Investing 101 • 133 implied HN points • 28 Jun 25
  1. Understanding your 'why' is important for anyone starting in venture capital. It helps guide your actions and decisions in the industry.
  2. Building a strong network through existing relationships and new connections is key. Engage with people genuinely, listen to them, and focus on helping others.
  3. Having many conversations can create valuable connections. Even if not everyone you meet is a founder, the network you build is still beneficial and can lead to new opportunities.
The Bear Cave • 303 implied HN points • 14 Jan 25
  1. B. Riley has serious issues linked to fraud allegations, which have harmed its reputation and led to a significant stock drop.
  2. The company's inability to file its financial reports has raised even more red flags about its stability.
  3. These troubles at B. Riley could also negatively impact CBIZ Inc, hinting at wider concerns in the market.
Jérôme à Paris • 267 implied HN points • 10 Feb 25
  1. Contracts for Difference (CfDs) let wind projects offer lower prices compared to Corporate Power Purchase Agreements (PPAs). This is because CfDs reduce the perceived risk for lenders.
  2. Merchant projects that sell directly on the spot market are risky and harder to finance. Investors need to bet on high and unstable prices to make profits, which might not always work out.
  3. Using CfDs provides more price stability for consumers compared to relying solely on PPAs. This helps ensure lower and more predictable electricity costs over time.
Concoda • 324 implied HN points • 27 Nov 24
  1. The Federal Reserve plans to keep reducing its balance sheet until at least 2025. This is to normalize financial conditions rather than to tighten the economy.
  2. Recent changes in interest rates show that the Fed is trying to clear extra cash from its programs. This could help push down short-term borrowing rates and shake up financial markets.
  3. Despite a strong U.S. dollar, there's still good liquidity available in the markets.
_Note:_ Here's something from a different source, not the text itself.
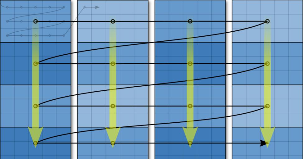Keywords: VP9 tiles 720p.svg vertex markers e g arrow ends don't adhere to the transparency setting of the referencing line elements en Example of VP9 tile structure for a 720p video frame In VP9 frames can be split along superblock boundaries into a set of 2<sup>x</sup> evenly spaced tiles <span style color 6699cc; >blue</span> with tile columns coded independently indicated by the gaps to allow parallel processing with multiple CPU cores for example <span style color d6e673; >Yellow</span> arrows show how in this example up to 4 individual processing threads can work independently through the data of the individual tile columns of the frame Black arrows show the coding order i e how things are ordered in the bitstream de Beispiel einer VP9-Kachelstruktur bei einem 720p-Videoeinzelbild In VP9 können Einzelbilder entlang Superblockgrenzen in einen Satz von 2<sup>x</sup> gleichmäßig verteilten Kacheln <span style color 6699cc; >blau</span> aufgeteilt werden wobei die Kachelspalten unabhängig kodiert werden angedeutet durch die Lücken um Parallelverarbeitung zu ermöglichen beispielsweise mit mehreren Prozessorkernen <span style color d6e673; >Gelbe</span> Pfeile zeigen wie in diesem Beispiel bis zu 4 einzelne Ausführungsstränge die Daten der einzelnen Kachelspalten des Einzelbildes nebenläufig bearbeiten können Schwarze Pfeile zeigen die Kodierungsreihenfolge also die Reihenfolge der Elemente im Bitstrom 2016-08 own Flugaal other versions cc-zero VP9 Technical diagrams |

This offers potential support for riskier investments as banks might adjust their capital due to rising stock prices.
Chartbook • 371 implied HN points • 24 Oct 24
  1. There's a lot of concern about the future of US stocks, as some experts like Goldman Sachs are predicting gloominess. Many investors are feeling nervous about what comes next.
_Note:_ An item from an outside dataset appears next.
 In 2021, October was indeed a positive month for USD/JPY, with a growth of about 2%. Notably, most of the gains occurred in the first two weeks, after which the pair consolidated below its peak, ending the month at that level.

  2. Soros believes in investing quickly and doing research afterwards, suggesting a bold approach to investing. This method can be risky but may lead to interesting opportunities.
  3. The discussion includes active clubs and the cellular industry, indicating that there are various sectors to pay attention to. These areas might be key for future growth and innovation.
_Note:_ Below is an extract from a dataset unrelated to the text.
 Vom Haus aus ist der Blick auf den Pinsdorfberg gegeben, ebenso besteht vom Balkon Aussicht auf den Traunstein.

Musings on Markets • 359 implied HN points • 28 Feb 23
  1. Debt can be a useful tool for businesses to fund growth, but it also comes with risks. Finding the right balance of debt and equity is important for long-term success.
  2. There are good reasons to borrow, like taking advantage of tax benefits, and bad reasons, such as chasing higher returns that aren't real. It's crucial to understand the real costs.
  3. Companies often stick to past borrowing habits or follow what others in their industry do. This inertia can lead to too much or too little debt, which isn't always the best for their financial health.
Not Boring by Packy McCormick • 76 implied HN points • 09 Jul 25
  1. Authenticity is key in both writing and investing. Being true to yourself helps set you apart from the competition.
  2. Differentiation is important. You should stand out by focusing on your unique strengths and ideas.
  3. Learning from others is valuable, but avoid copying them directly. Use their insights to inspire your own original thinking.